Thaddeus smiled, his fingers brushing hers as he took the puzzle from her and toyed with it. They had been trying to open it ever since they had left France, tantalized by the thought that whatever was inside might help Rémy locate her fabled lost brother.

“Don’t give up,” he told her. “Not that I think you ever would. Rémy Brunel always sees things through to the end, no matter how difficult the journey.”

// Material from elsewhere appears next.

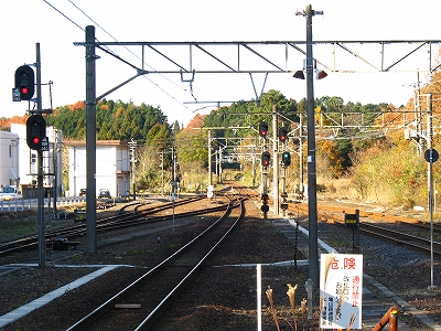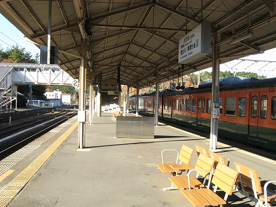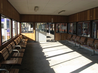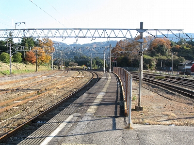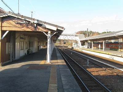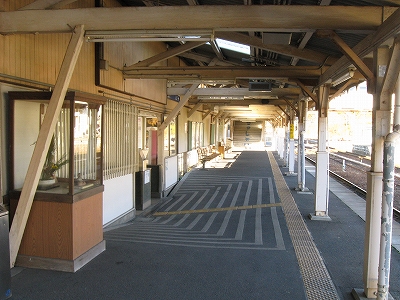 急行が走っていた数年前はまだどうにか賑やからしくもあったけど、それも廃止となり、やがてホームからは発車案内板、長椅子が撤去され、もう何もないといいたくなるが、往時の空気だけは今もしっかり残ってる。汽車時代は仕事が多くもっと活気があったに違いなくて、砂をかぶった側線やランプ小屋がやはり残置されていて思いを馳さしむ。けれど、何もかも廃れたわけでなく。乗務員の宿泊施設があり、朝な朝な、ひっそりと始発電車が運行されているのだった。それに少なくても乗り継ぐ人は今も絶えることがなく、夜が更けたって列車を待っている人はいて、私も伊勢地方によく赴いていたころは、ここで寒い中ほかの人と待っていたことがあった。

Rémy looked at him. Somewhere over the course of the past few months, things had changed between them. Perhaps it was just that she no longer had her opal to tell her his every thought, although Rémy somehow felt it was more than that. Things were easier between them. They were closer — they fit together better. They understood each other, and where they didn’t, they at least tried to.

Maybe this is just what it feels like when you really love someone, she thought. Maybe this is what happens when you find the person you should m—

“What?” Thaddeus asked her with a laugh, as she continued to gaze at him, lost in her thoughts.

Rémy shook her head, a little shocked at where her mind had been leading her.

Thaddeus reached out and stroked his fingers along her jaw. “Come here,” he murmured, pulling her gently toward him.

Her lips had almost touched his when there was a loud bang. A fraction of a second later, something thudded into the tree behind them, just inches above Thaddeus’s head, splinters of sharp bark exploding from the impact.